§ **SOURCE RECORDS**:
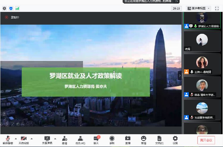 本次活动中,罗湖区人力资源局参会代表以深圳近十年人口增长为背景,围绕高校应届毕业生接收、罗湖区“菁英人才”、深圳市新引进人才租房和生活补贴、青年见习等政策,通过深入浅出的解析及互动答疑,为深圳市高校优质人才落户罗湖打下基础。
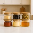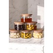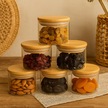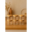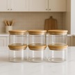 6'lı Borosilikat Cam Kahvaltılık Seti - Sızdırmaz Silikonlu Bambu Kapak - 90 X 70 Mm-400 Ml Beyaz
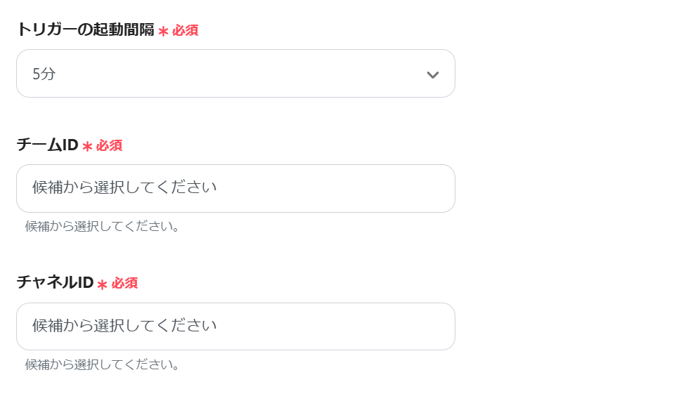 ※トリガーの起動タイミングは、5分、10分、15分、30分、60分のいずれかで設定できます。 ご利用プランによって、設定できるトリガーの最短間隔が違うので、その点は要チェックです。 なお、基本的にはそのプランの最短の起動間隔にしてお使いいただくことをおすすめします。
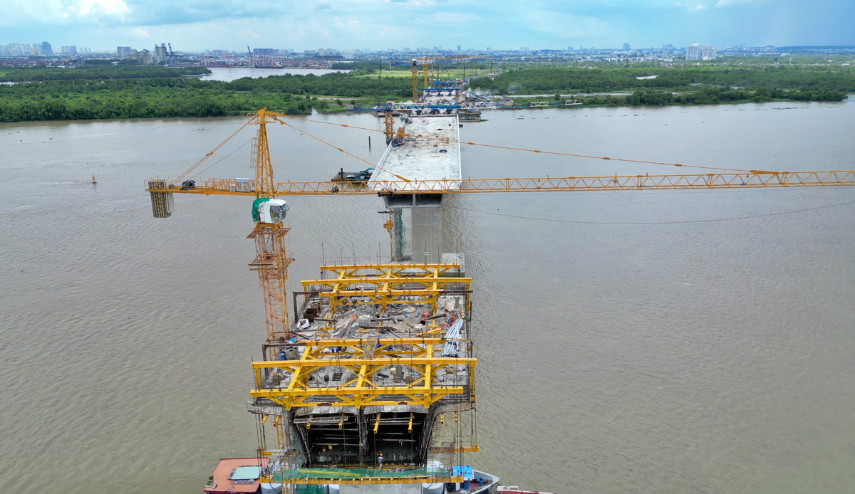 Hình ảnh những trụ cầu, đốt hầm đã vươn dài trên sông Đồng Nai để chuẩn bị được hợp long.
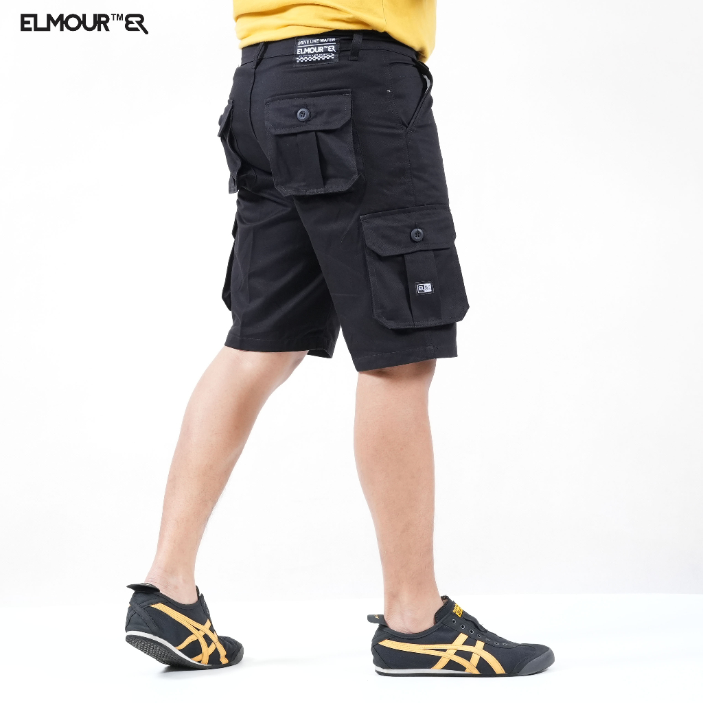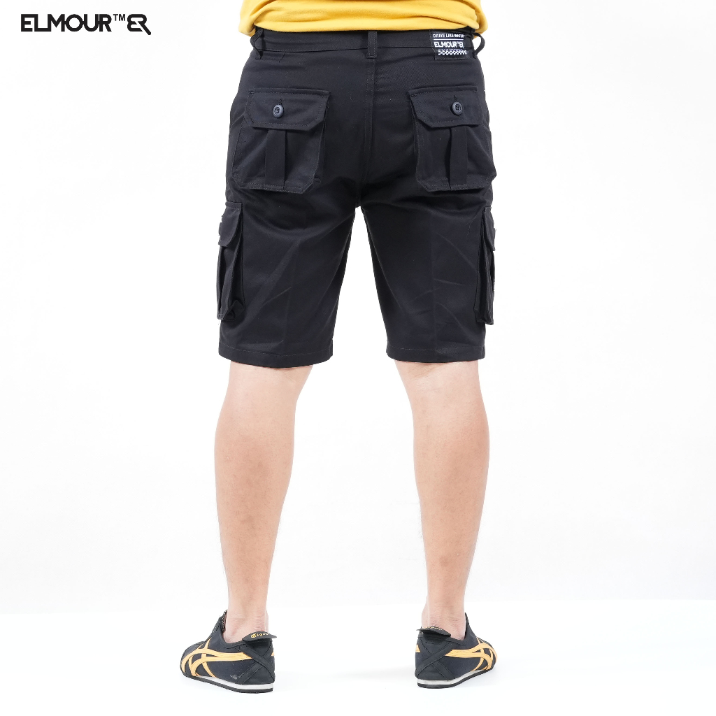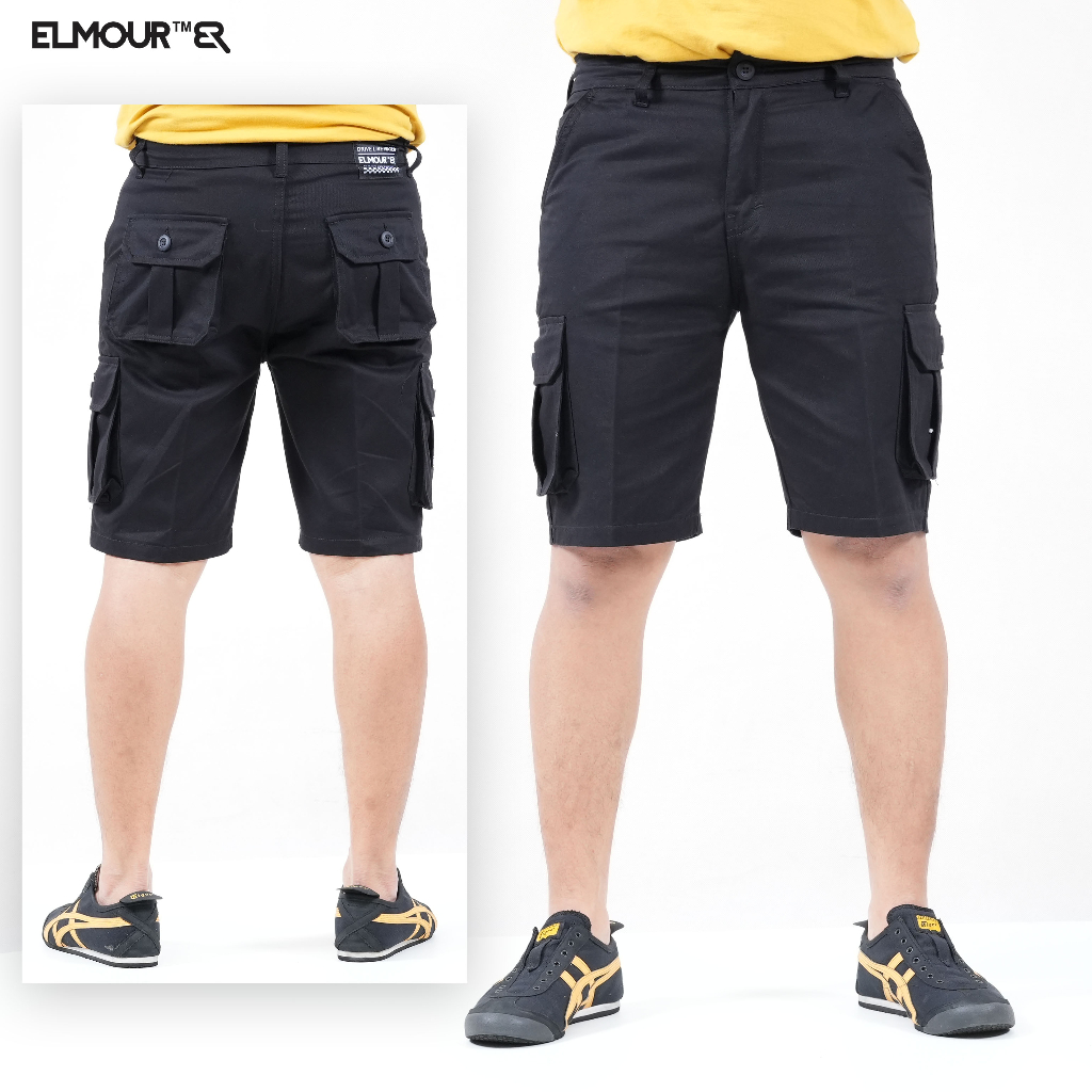 Elmour Celana Pendek Pria Cargo Hitam Katun Twill

§ **TASK STATEMENT**:
Reproduce the lines above exactly, please, but not the pictures in them.

§ **RESPONSE TO THE TASK**:
 本次活动中,罗湖区人力资源局参会代表以深圳近十年人口增长为背景,围绕高校应届毕业生接收、罗湖区“菁英人才”、深圳市新引进人才租房和生活补贴、青年见习等政策,通过深入浅出的解析及互动答疑,为深圳市高校优质人才落户罗湖打下基础。
 6'lı Borosilikat Cam Kahvaltılık Seti - Sızdırmaz Silikonlu Bambu Kapak - 90 X 70 Mm-400 Ml Beyaz
 ※トリガーの起動タイミングは、5分、10分、15分、30分、60分のいずれかで設定できます。 ご利用プランによって、設定できるトリガーの最短間隔が違うので、その点は要チェックです。 なお、基本的にはそのプランの最短の起動間隔にしてお使いいただくことをおすすめします。
 Hình ảnh những trụ cầu, đốt hầm đã vươn dài trên sông Đồng Nai để chuẩn bị được hợp long.
 Elmour Celana Pendek Pria Cargo Hitam Katun Twill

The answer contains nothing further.